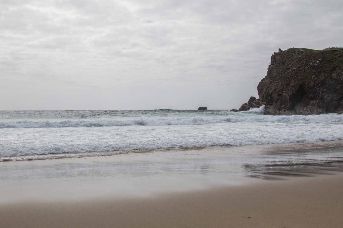 Plaża przy wiosce Mangersta to zupełnie inna bajka. By do niej dotrzeć zboczyliśmy z drogi, potem zboczyliśmy ze ścieżki, trochę dalej zboczyliśmy z pastwiska, by wreszcie znaleźć się na zielonej łące, zalec i patrzeć. Głęboko w ląd, pomiędzy strome zbocza, wrzynał się wąski pas piachu. Zupełnie, jakby ktoś rozwinął dywan, prowadzący wprost do morza. Gdzieniegdzie wydmy w postaci małych zielonych wysepek. A na końcu oszalałe wody oceanu. Bajeczne fale rozbijały się o wysokie klify. Były potężne i dzikie. Nie wzgardził by nimi żaden surfer z odległych tropikalnych plaż.
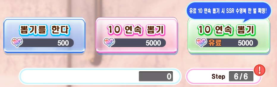| ※ | 「Step 6/6」의 무료 10 연속 뽑기를 하더라도, 「Step 6/6」의 상태로 남아 유료 10 연속 뽑기를 할 수 있는 상태가 됩니다. |
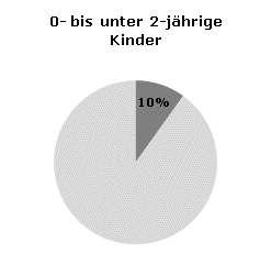 Im Berichtsjahr 2014/15 wurden in Vorarlberg 10% der 0- bis unter 2-jährigen Kinder und 77% der 2- bis unter 5-jährigen Kinder in einer Kinderbetreuungseinrichtung betreut.
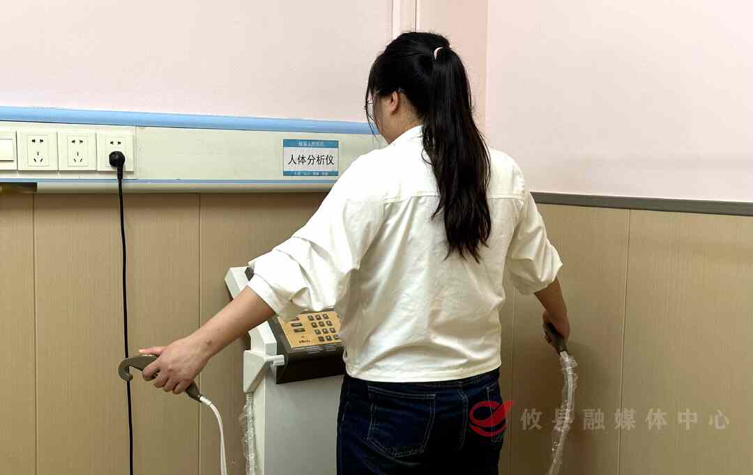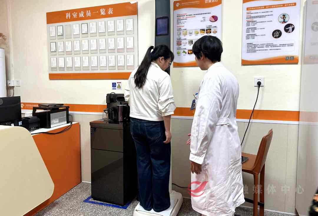 4月10日上午,护士正在为前来就诊的患者测量身高体重及BMI指数。患者表示,由于严重肥胖,她的身体开始出现了诸多不适,特意前来医院寻求帮助。
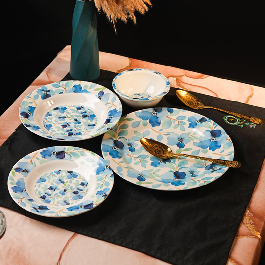 Immerse your dining moments in the refreshing hues of the Sea of Blue Dinner Set. Inspired by the tranquility of ocean waves and the charm of blooming florals, this collection brings a light, airy elegance to your table — perfect for both everyday meals and memorable gatherings.
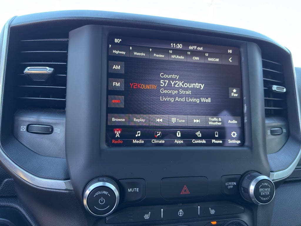The vehicle is equipped with the latest generation of XM/Sirius Radio. Apple CarPlay: Seamless smartphone integration for the Ram 1500 - stay connected and entertained on the go! Keep your hands warm all winter with a heated steering wheel in this unit . The state of the art park assist system will guide you easily into any spot. This 1/2 ton pickup comes equipped with Android Auto for seamless smartphone integration on the road. Never get into a cold vehicle again with the remote start feature on this model. Protect it from unwanted accidents with a cutting edge backup camera system. This vehicle has satellite radio capabilities. This 1/2 ton pickup keeps you comfortable with Auto Climate. This 2021 Ram 1500 has a clean CARFAX vehicle history report. Bluetooth® technology is built into this 1/2 ton pickup, keeping your hands on the steering wheel and your focus on the road.
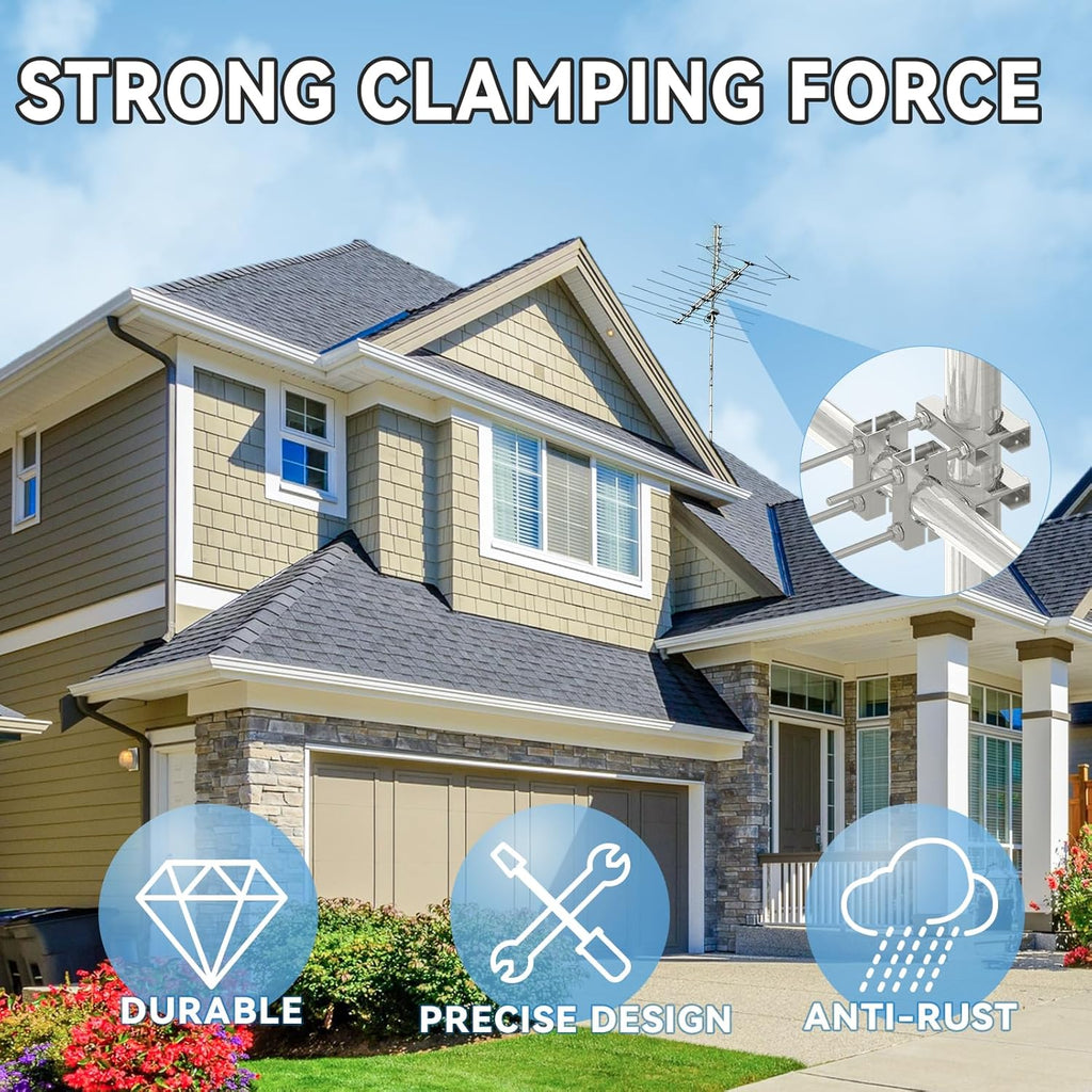 - Strong Clamping Force: The clamp kit uses V-jam brackets to securely grip pipes and antennas, ensuring a stable hold even in windy conditions
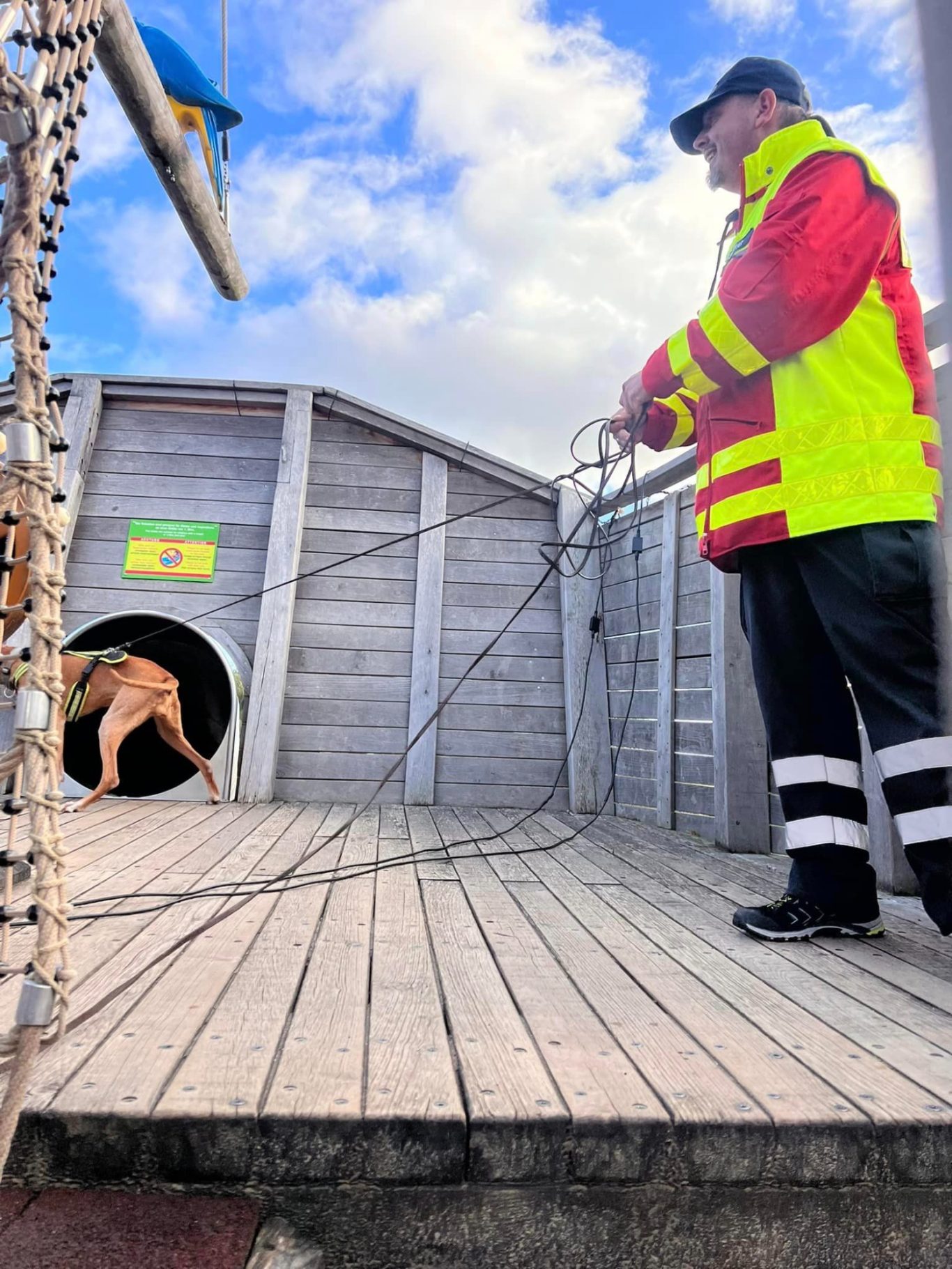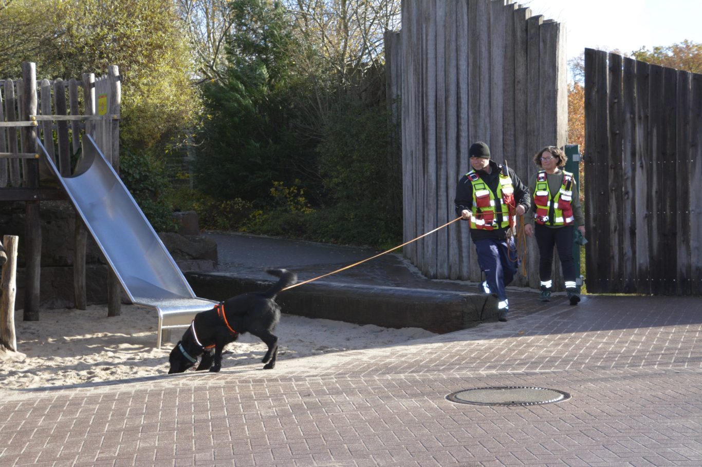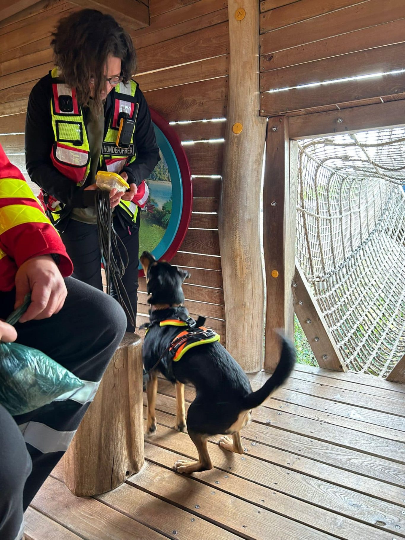 Inmitten der bunten Kulisse des FunParks wagten sich unsere Mantrailer-Teams in dunkle Räume, überquerten schwingende Hängebrücken und erkundeten geheime Gänge. Eine wahre Mutprobe für unsere vierbeinigen Helden! Die ungewohnte Geräuschkulisse und die besonderen Gegebenheiten des Geländes und der Gebäude forderten nicht nur die Konzentration, sondern auch die Geduld von Hunden und ihren menschlichen Begleitern.

What is expected:
Using the records above, output their complete text exactly, minus any images.

Result of this task:
 Plaża przy wiosce Mangersta to zupełnie inna bajka. By do niej dotrzeć zboczyliśmy z drogi, potem zboczyliśmy ze ścieżki, trochę dalej zboczyliśmy z pastwiska, by wreszcie znaleźć się na zielonej łące, zalec i patrzeć. Głęboko w ląd, pomiędzy strome zbocza, wrzynał się wąski pas piachu. Zupełnie, jakby ktoś rozwinął dywan, prowadzący wprost do morza. Gdzieniegdzie wydmy w postaci małych zielonych wysepek. A na końcu oszalałe wody oceanu. Bajeczne fale rozbijały się o wysokie klify. Były potężne i dzikie. Nie wzgardził by nimi żaden surfer z odległych tropikalnych plaż.
| ※ | 「Step 6/6」의 무료 10 연속 뽑기를 하더라도, 「Step 6/6」의 상태로 남아 유료 10 연속 뽑기를 할 수 있는 상태가 됩니다. |
 Im Berichtsjahr 2014/15 wurden in Vorarlberg 10% der 0- bis unter 2-jährigen Kinder und 77% der 2- bis unter 5-jährigen Kinder in einer Kinderbetreuungseinrichtung betreut.
 4月10日上午,护士正在为前来就诊的患者测量身高体重及BMI指数。患者表示,由于严重肥胖,她的身体开始出现了诸多不适,特意前来医院寻求帮助。
 Immerse your dining moments in the refreshing hues of the Sea of Blue Dinner Set. Inspired by the tranquility of ocean waves and the charm of blooming florals, this collection brings a light, airy elegance to your table — perfect for both everyday meals and memorable gatherings.
The vehicle is equipped with the latest generation of XM/Sirius Radio. Apple CarPlay: Seamless smartphone integration for the Ram 1500 - stay connected and entertained on the go! Keep your hands warm all winter with a heated steering wheel in this unit . The state of the art park assist system will guide you easily into any spot. This 1/2 ton pickup comes equipped with Android Auto for seamless smartphone integration on the road. Never get into a cold vehicle again with the remote start feature on this model. Protect it from unwanted accidents with a cutting edge backup camera system. This vehicle has satellite radio capabilities. This 1/2 ton pickup keeps you comfortable with Auto Climate. This 2021 Ram 1500 has a clean CARFAX vehicle history report. Bluetooth® technology is built into this 1/2 ton pickup, keeping your hands on the steering wheel and your focus on the road.
 - Strong Clamping Force: The clamp kit uses V-jam brackets to securely grip pipes and antennas, ensuring a stable hold even in windy conditions
 Inmitten der bunten Kulisse des FunParks wagten sich unsere Mantrailer-Teams in dunkle Räume, überquerten schwingende Hängebrücken und erkundeten geheime Gänge. Eine wahre Mutprobe für unsere vierbeinigen Helden! Die ungewohnte Geräuschkulisse und die besonderen Gegebenheiten des Geländes und der Gebäude forderten nicht nur die Konzentration, sondern auch die Geduld von Hunden und ihren menschlichen Begleitern.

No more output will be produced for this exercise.